The key aspect of this section is the transfer of power from David to Solomon. True to the rest of Chronicles, this section is less concerned about the political details that are recorded in the books of Samuel and Kings, and more concerned with the priestly, administrative and religious details. With the transfer of political power goes also the responsibility of building a house for God, something foreshadowed and pointed to in the Law of Moses and elsewhere. Keep in mind, however, that in the whole of redemptive history, God dwelling, or “tabernacling” in a mobile fashion with a pilgrim people is more the norm, whether it involved the visits of God to Abraham, or the wandering of the Tabernacle in the desert during the Exodus, or Jesus, the Word made flesh, who “tabernacled” with us (John 1: 14). Jesus spoke of himself as the new and enduring Temple, where we meet with God. One revealing detail, mentioned in a previous entry, is the reason for which David was not permitted to build a house for God: he was a “man of blood (I Ch. 28:30.” It would be up to Solomon, or “Son of Peace,” to build God’s house, just as Jesus, the Son of David and Prince of Peace, is God’s house, and is building God’s house today. David’s words of challenge and encouragement to Solomon (chapters 28 and 29) have inspiring applications to us who labor with God as he builds up his global human house today. We too build up God’s house by building and pursuing peace, and not by war or bloody conquest.

Note too the sources recorded in such passages as I Chronicles 28: 29: of the histories of Samuel, Nathan and Gad, we have only one source remaining: Samuel. It would be fascinating to read the other two, but we can only trust that they were left out of the canon, and therefore lost, for reasons best known to God. Some of the sources were copied whole, or in parts big enough to include such phrases as, “and the Ark is still there at the time of writing,” even though II Chronicles ends with the Babylonian Captivity, when the Ark was no longer there.

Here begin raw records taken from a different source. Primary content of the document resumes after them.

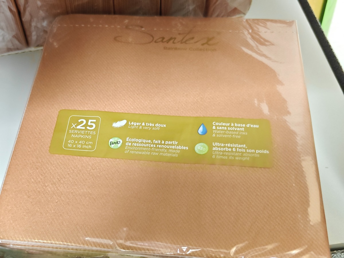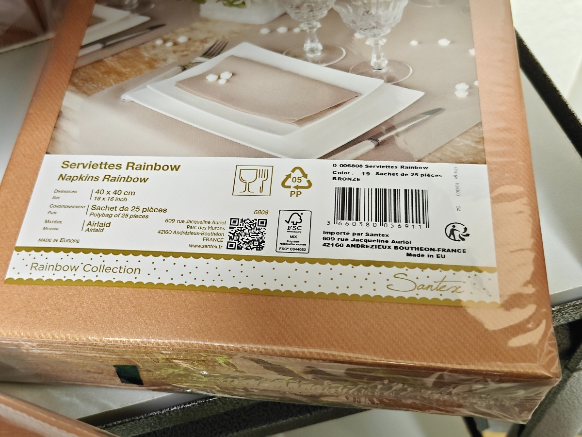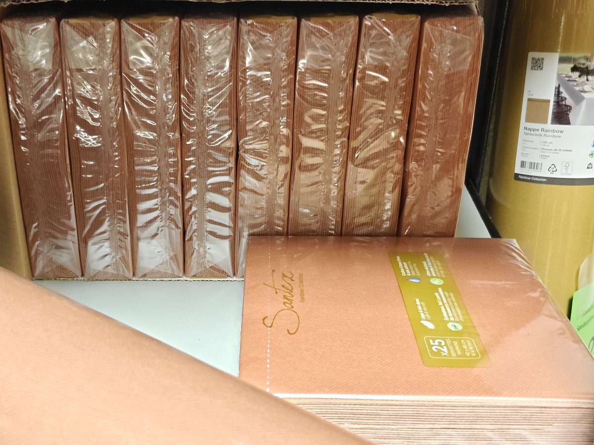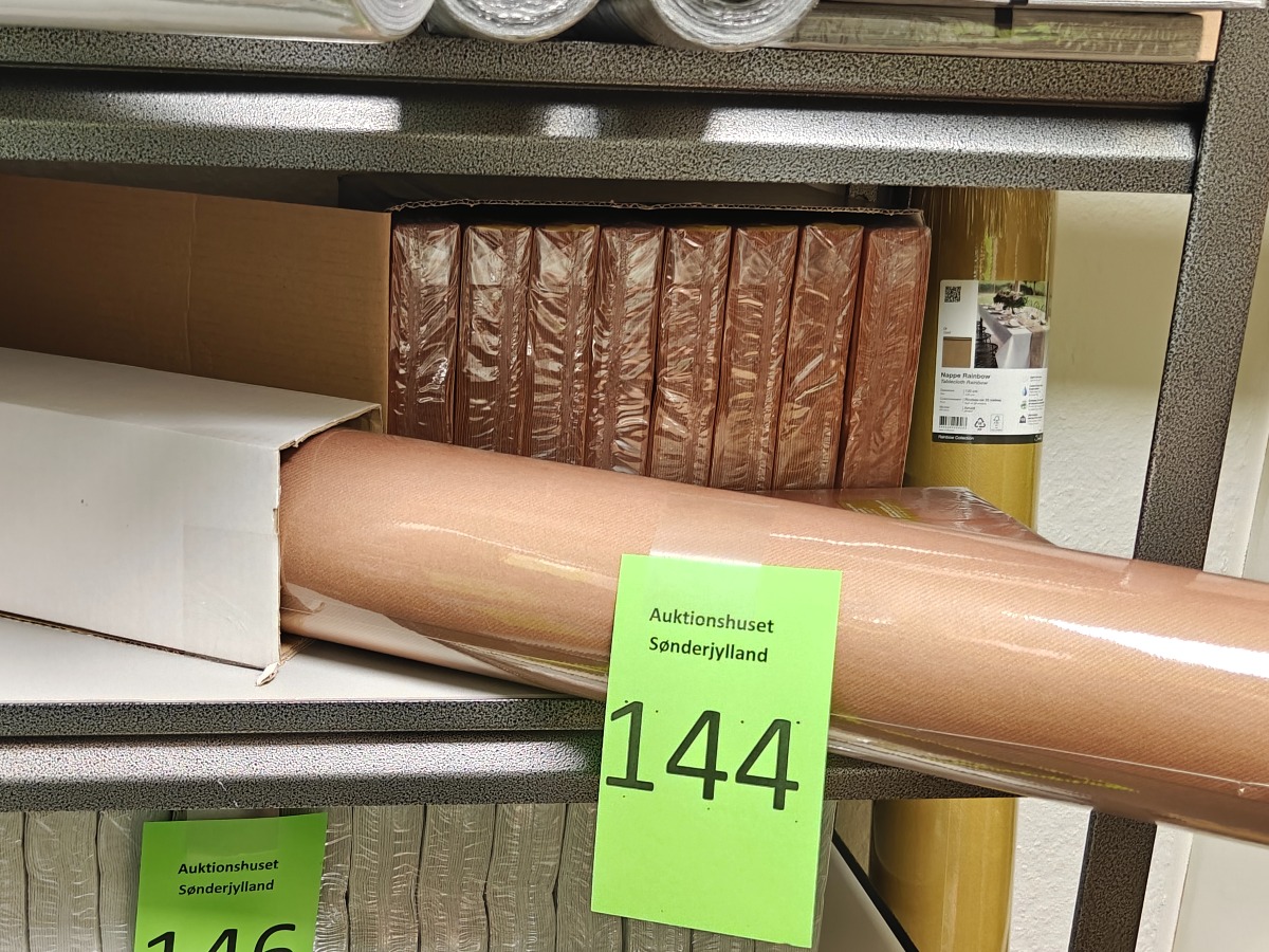 Bronzefarvet tekstildug samt servietter. 25m. dug samt 200 servietter. Varerne stammer fra lukket webshop. Alle varer er ubrugte og af rigtig god kvalitet.
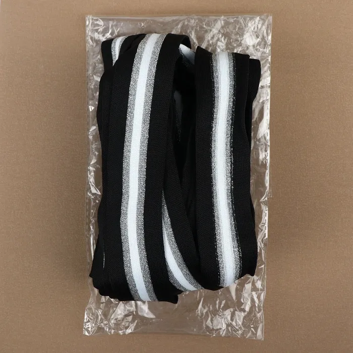 Тесьма трикотажная лампас 40 мм, 9.1±0.5 м, чёрная, белая
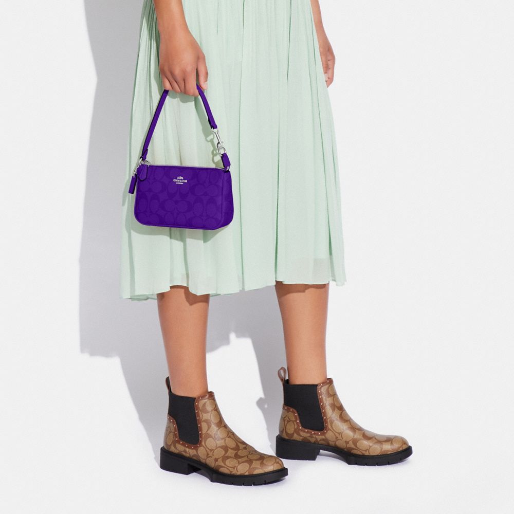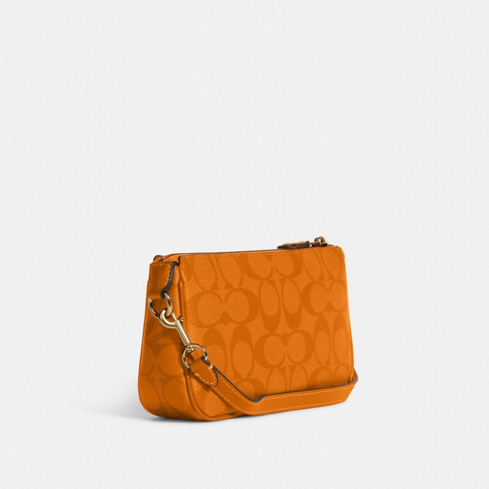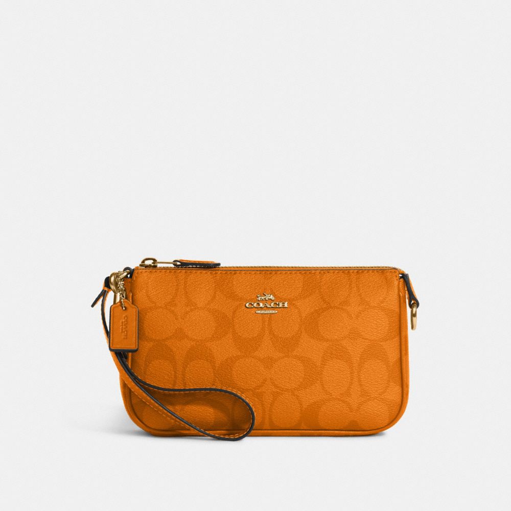 Signature coated canvas and smooth leather| Two credit card slots| Inside multifunction pocket| Zip-top closure, fabric lining| Handle with 6 1/4" drop| 7 1/2" (L) x 4 1/2" (H) x 2" (W)Style No. C3308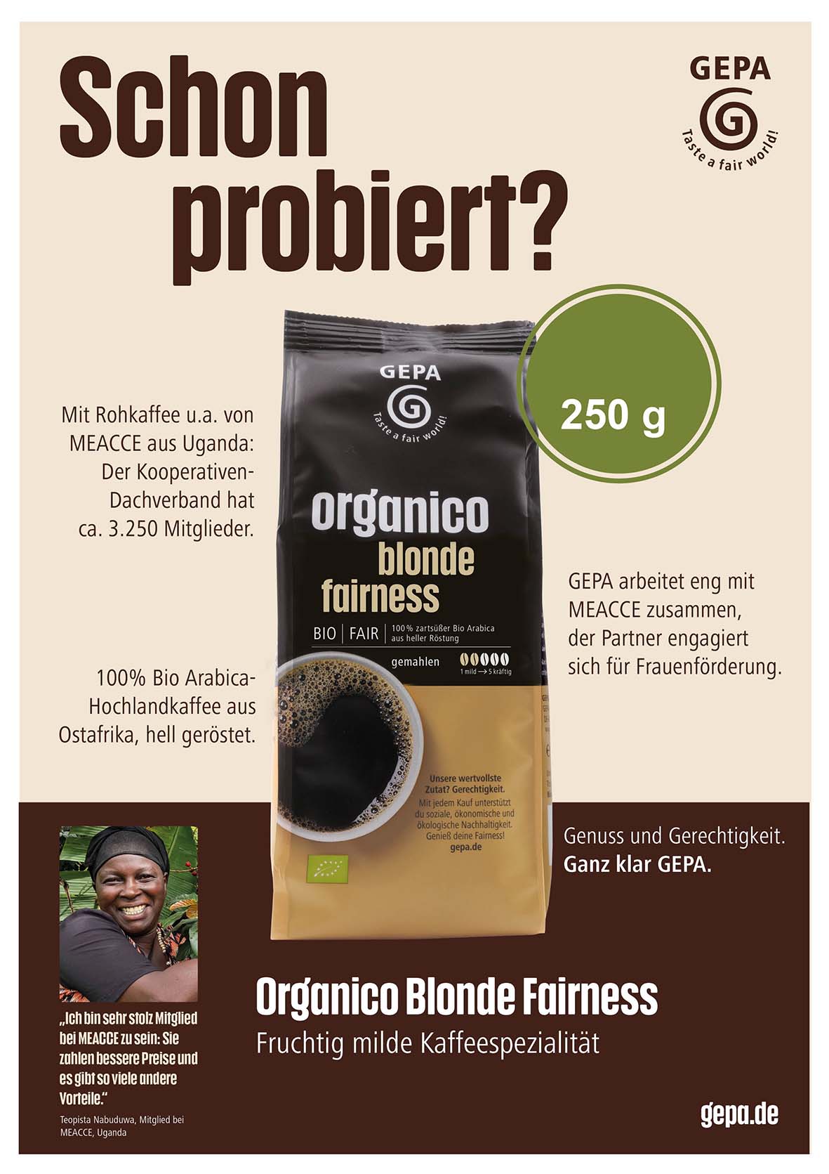 Seit Januar hat unsere Organico-Familie ein neues Mitglied: Den Organico Blonde Fairness, einen hellgerösteten Kaffee aus afrikanischen Arabica-Kaffees - unbedingt probieren! Im März gibt es die neue Kaffeesorte zur Einführung in der Aktion "Schon probiert?" mit einem Zusatzrabatt von 5% für Weltläden und Weltgruppen.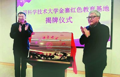 本报讯12月9日上午,中国科大金寨红色教育基地揭牌仪式在安徽金寨干部学院举行。校党委书记舒歌群,党委副书记傅尧,六安市委常委、金寨县委书记汪冬出席揭牌仪式,学校相关部门主要负责人及安徽金寨干部学院负责人参加揭牌仪式,揭牌仪式由金寨县委副书记朱健主持。舒歌群和汪冬共同为中国科大金寨红色教育基地揭牌。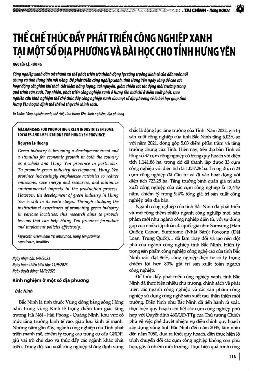 Thể chế thúc đẩy phát triển công nghiệp xanh tại một số địa phương và bài học cho tỉnh Hưng Yên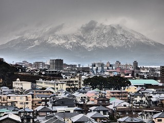 とし画伯の桜島 !(^^)! 昼は「浅黄」、夜は「ツンドラ」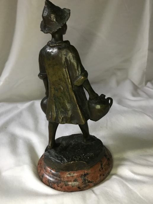Bronasti kipec prodajalca vode na marmornem podstavku. Giovani de Martino (1870 - 1935). Priznani italijanski kipar.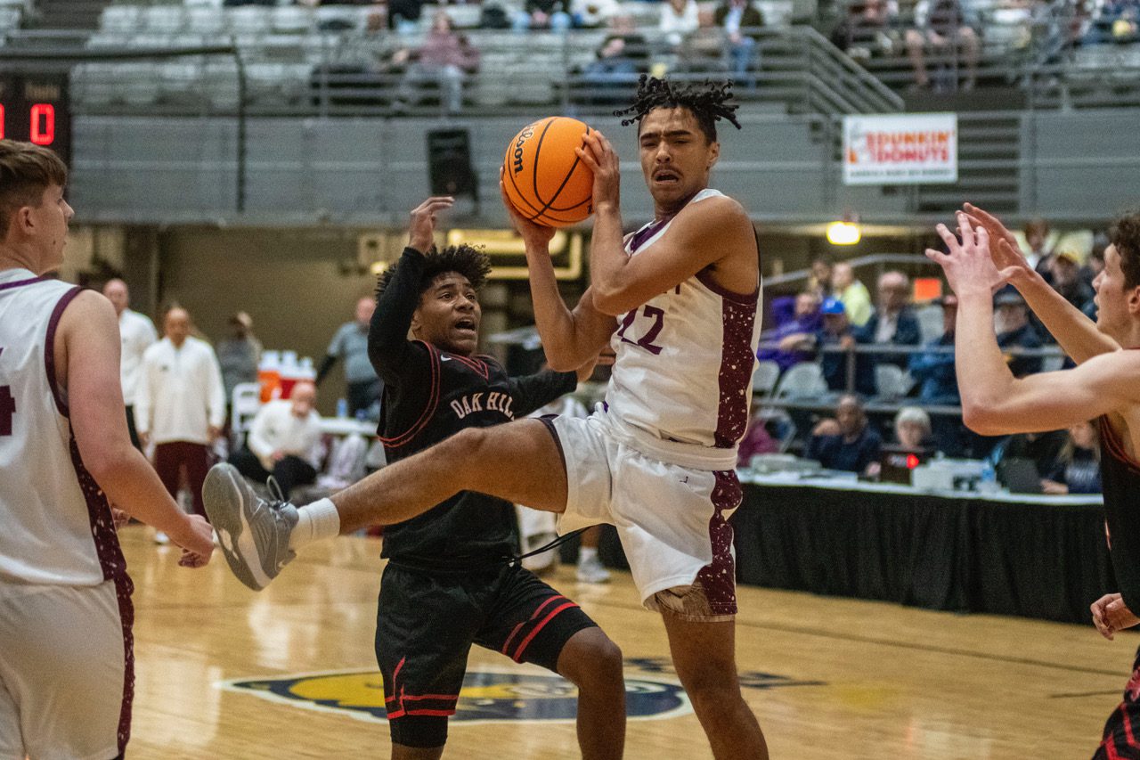 Malachi Lewis led four Oak Hill players in double figures with 19 points, followed by Trevor Kelly with 16 points. Levi Kiszka added 11 points and Andre White scored 10.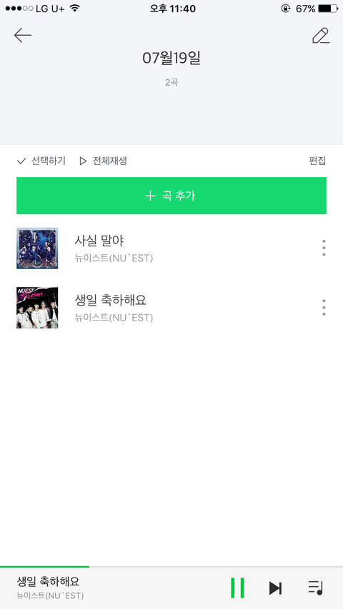 재생목록뭔지몰라서 ㄴㅁ 는 생일축하해요랑 1곡 총2곡만담고 전체재생 해놨어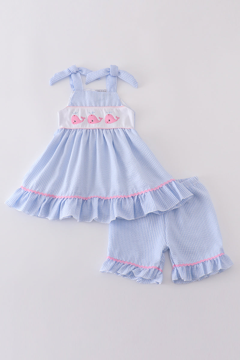 Add a touch of whimsy to your stitching with our Blue Seersucker Whale Embroidery Set. Featuring a charming whale design, this set is perfect for adding personality to any project. Dive into the fun and creativity with this unique set!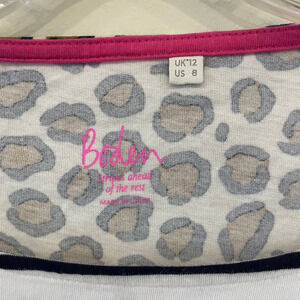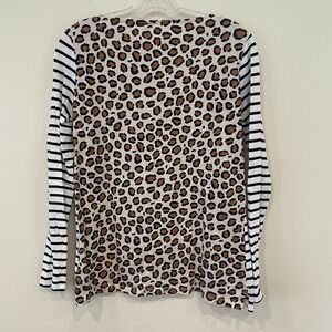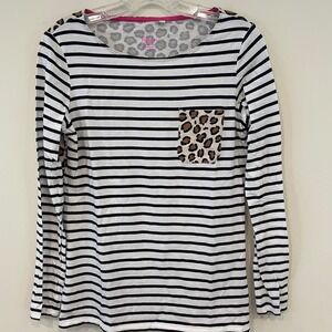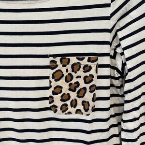 Stylish long sleeve tee with black and white stripes. Features a leopard print back and pocket. Perfect for casual wear.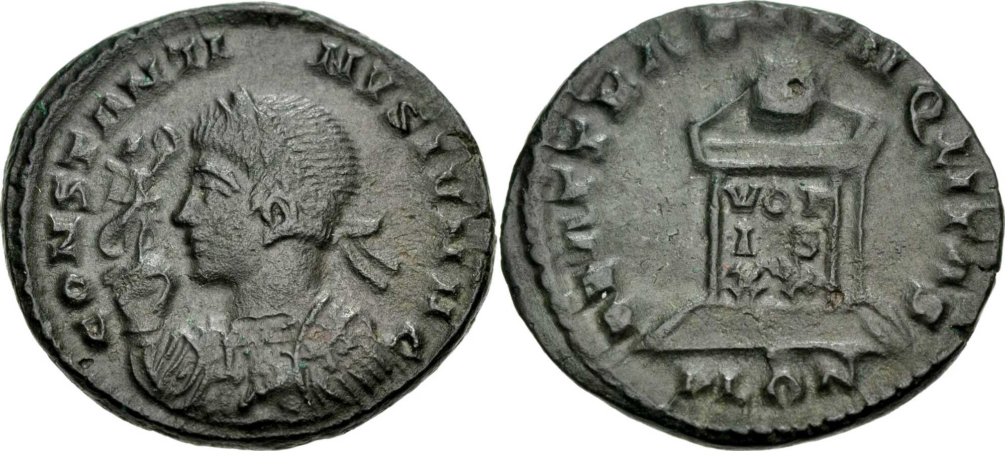 - from the Late Roman Bronze Coin Forum; posted by Victor; weight 3.70 g; diameter 18-19 mm; bust could be regarded as trabeate [click for picture];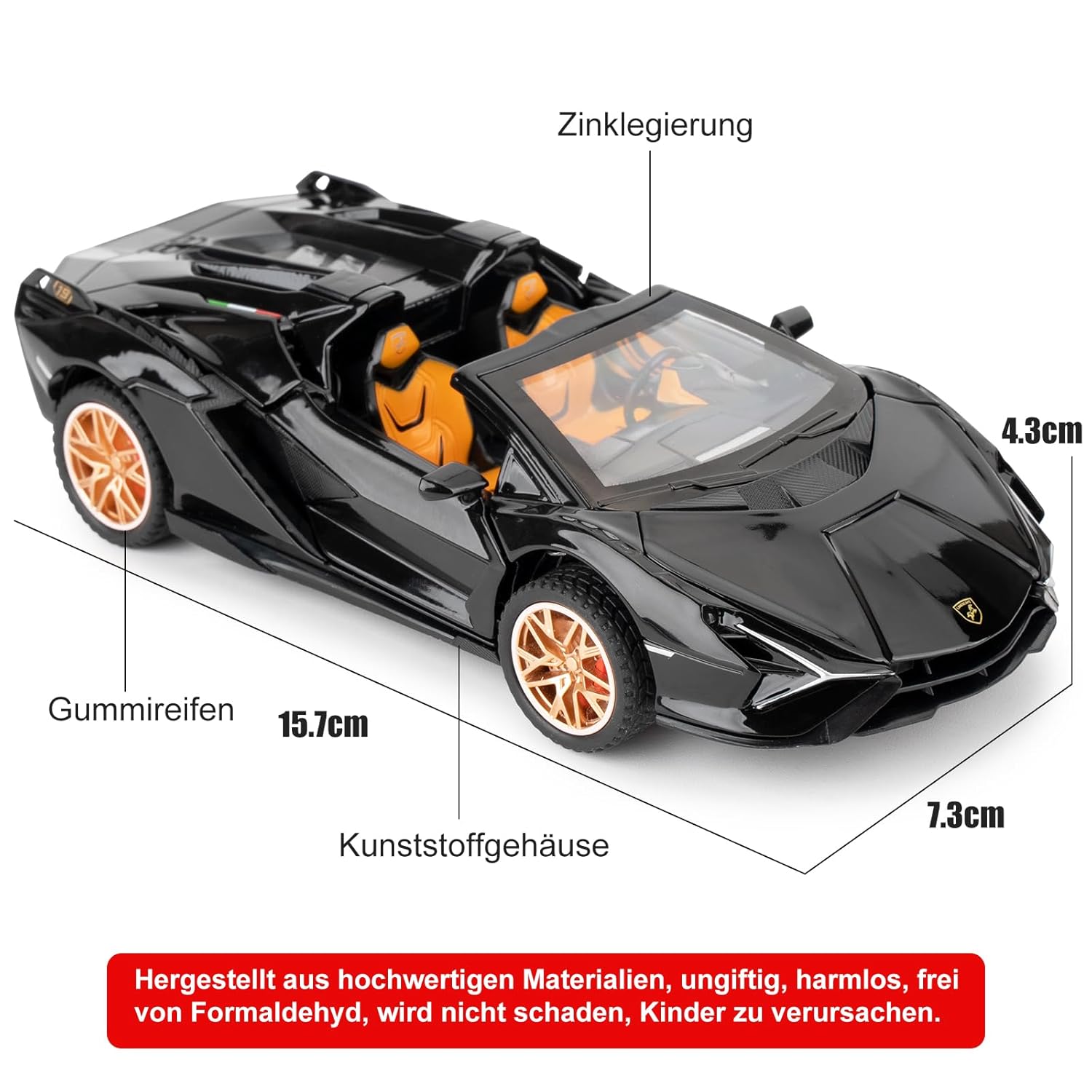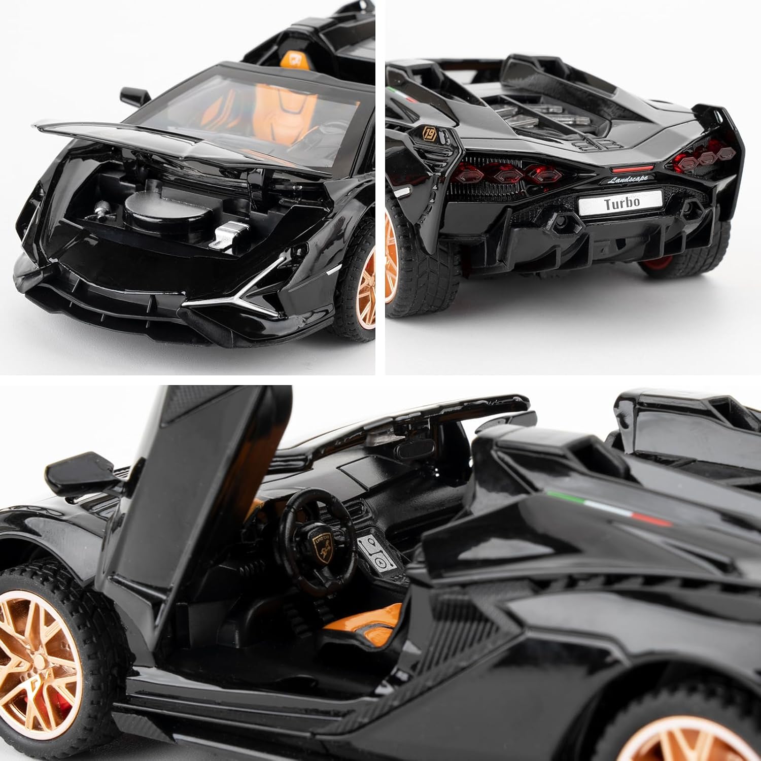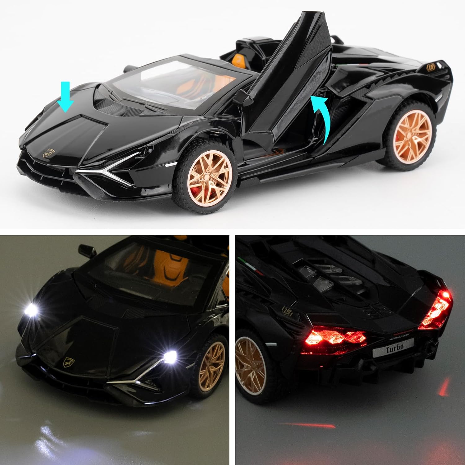 - 🏎️🎁 🏎️The car model has the powerful functions, which the Childhood, tail and the doors can be opened. Also have the pull back function, you can pull back the car and then it will driving with strong Power. The simulation of the car makes the car look beautiful and cool!. Made of high quality zinc alloy material, Full metal body car which makes it very difficult to be damaged. Non-toxic water-based paint spray and doesn’t contain formaldehyde and any other harmful substances. Not easy to Wreck and scratches with the delicate touch. 🏎️🎁🏎️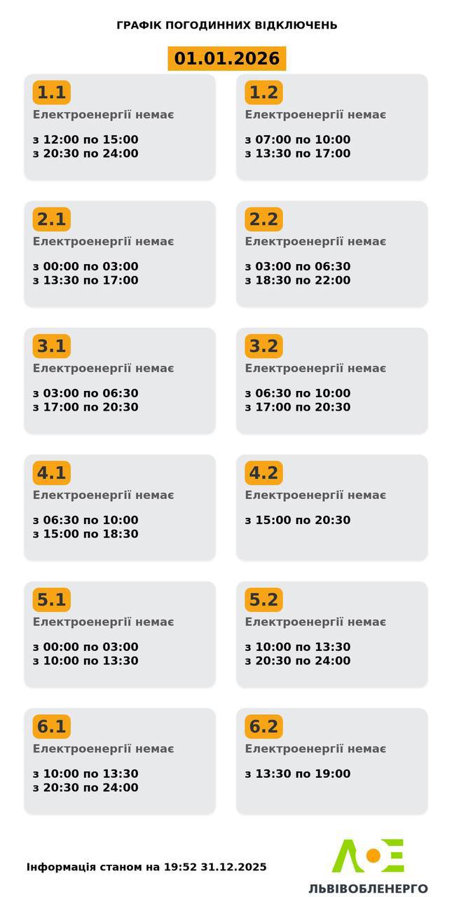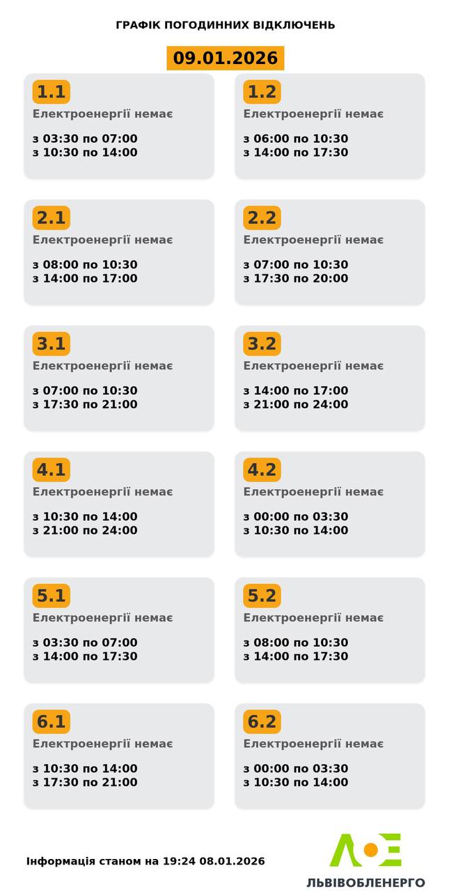 График отключений электроэнергии во Львове и Львовской области определяет ЧАО "Львовоблэнерго". Узнать свою группу (очередь) отключений можно на сайте компании в специальном разделе.

The first few chapters of II Chronicles also leave out most of the political details recorded in Kings, and focuses on priestly and spiritual details, especially God’s offer and gift of wisdom to Solomon. But the story of Solomon’s moral and spiritual decline is barely alluded to. Of more importance and application to the Chronicler’s intent are the powerful spiritual events that accompanied the dedication of the Temple. In a parallel to the Creation account of Genesis 1-2, in which Creation is prepared over a seven day period, the culmination of which is God resting, or dwelling in it, so the Temple is dedicated over a seven day period, with God’s glory filling and abiding in it. Solomon’s prayer, recorded in chapter 6, gives us some indication of the kinds of prayers and ministries that would occur in the Temple. For example, in II Chronicles 6:22-23, Solomon prays that those accused of crimes would find justice for either their innocence or their guilt, in ways we are not privy to so many centuries later. Yet a litany for the vindication of one unjustly accused, and proclaiming his innocence, seems to be recorded in Psalm 17, the culmination of which was to come at sunrise (Ps. 17: 15). Was that psalm used in the Temple for the purpose that Solomon had in mind?

PSALM 34 is an acrostic Psalm, that is, each line begins with a letter of the Hebrew alphabet in order of the Hebrew alphabet. It is a Wisdom Psalm, in that it celebrates the peace-making order and righteousness of God in the universe, and its eventual justification and triumph, even though “many are the afflictions of the righteous (v. 19).” Yet the Lord delivers him from them all. In this Psalm was seen a prophecy about Jesus, a type or a foreshadowing, by the Gospel writer John: “Not a bone of his will be broken” ( verse 20 and John 19:36). Jesus’ story of affliction, death and resurrection are the ultimate expression of the message of this psalm. So will be our resurrection. Key to confidence, wisdom and peace-making is “the fear of the Lord,” which is not a matter of fearing the punishment of God, which St. Augustine called “a servile fear,” but “a holy fear,” a fear of what we might do to our relationship with God out of callousness, carelessness and pride, same as with any other relationship that is sacred to us. Rabbi Abraham Joshua Heschel eloquently expressed “the fear of God” as radical awe and wonder before the majesty and mysteries of God, Creation, life, truth and love that humble us and drive us to worship, and that make us value life, love, justice and mercy.